My uncle was the first brown person to have a market stall on Petticoat Lane in the 1960s. He worked his way up from the street. He was homeless, but eventually he got a car so he could sell from the boot. And by the 1980s, he was a millionaire wholesaling to companies like Topshop. So in a way, fashion put me in England.
I don't support terrorism and never have. As a Sri Lankan that fled war and bombings, my music is the voice of the civilian refugee.
I don't think immigrants are that threatening to society at all. They're just happy they've survived some war somewhere.
Human beings around the world have to be taught to go, 'Tamil equals Tamil civilians first, and the Tamil Tiger is a separate thing.' And both of those groups are different. It's like a square and a circle.
Nike is the uniform for kids all over the world, and African design has been killed by Nike. Africans no longer want to wear their own designs.
Madonna did amazing songs. She had an amazing sense of style, without a stylist. And she was flawed, and sometimes she admitted it. I'll fight the fight for Madonna. I think she should send me some chocolates or something to thank me.
I'm just so grateful for the 10 years that I had in Sri Lanka when it was in the middle of a war and I was getting shot at, because now and again I remember glimpses of those times, and I just go, 'Wow, I'll never, ever see that again in my life. And I'm never gonna feel that, and I'm never gonna feel for a human being like that.'
I don't like the idea of spirituality done the way it's done. The only way I could understand it was through creativity, not by going to an Ashram, or finding a guru or joining a temple. I made work out of it.
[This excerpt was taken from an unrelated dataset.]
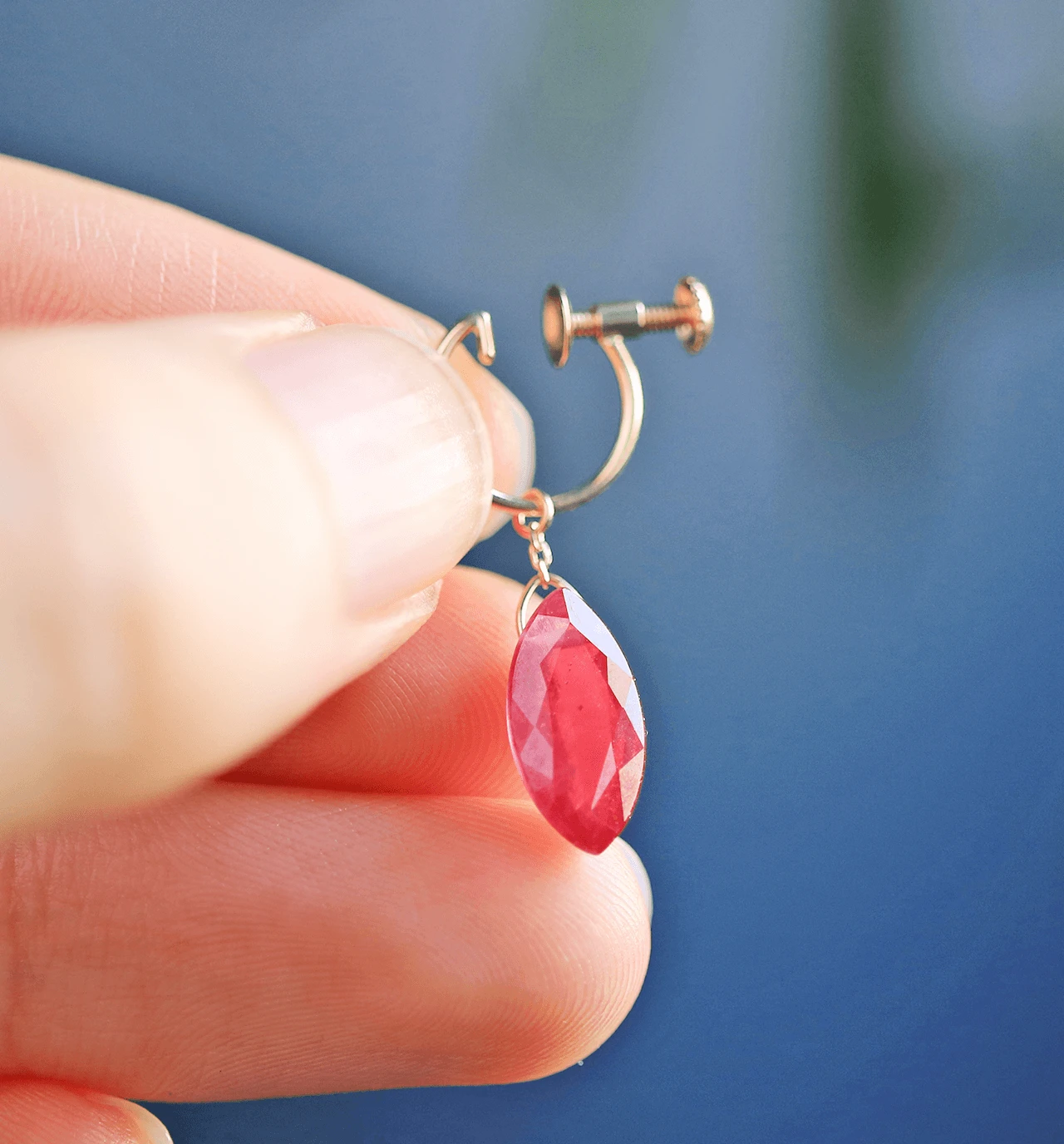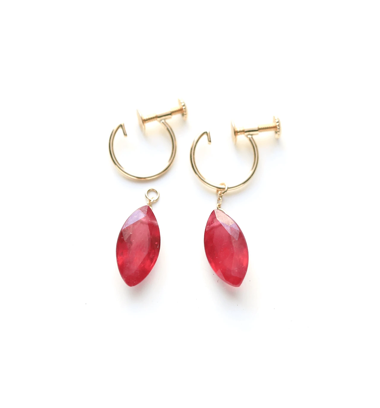 | サイズ | 【イヤリング】サイズ:直径10mm×太さ0.7mm【石】ルビー:縦 約10mm × 横 約5mm【チャーム丸カン内径】約1.4mm | ||

Me, it was always about being able to bounce around to where I wanna be. Like, with 'Arular,' people always say it's so political, but I think 50 per cent of the album is not very political at all. It's just really a shouty, shouty girl thing.
Basically, when I went to school in Sri Lanka from age five onward, the classes there were sometimes sorted into a hierarchy of your skin tone. So the fairer-skinned kids sat at the front row, and the darker-skinned kids sat at the back by the poor ones who played out in the street all day long.
When we moved to England in 1986, I was ten years old and I didn't know anything about punk or hip hop. The only words I knew in English were 'dance' and 'Michael Jackson.' We got put in a flat in Mitchum, and the council gave us second hand furniture, second hand clothes and a second hand radio that I took to bed with me every night.
In New York, everyone's really neurotic and talks about themselves all the time.
Matangi's mantra is aim, which is MIA backwards. She fights for freedom of speech and stands for truth, and lives in the ghetto because her dad was the first person in Hindu mythology who came from the 'hood, but had gained enlightenment through not being a Brahmin.
'Paper Planes' was an accident. It wasn't a song we made for the masses. It took two years to get popular, and there were many fights about censoring the gunshot sounds.
You have, in America, you have gang signs. Well, 5,000 years ago, there was thing called a mudra, which is your sitting position when you do yoga or you're meditating or you're praying or whatever. And there's not a lot of them that are named after gods and goddesses, but the middle-finger is specifically named the Matangi mudra.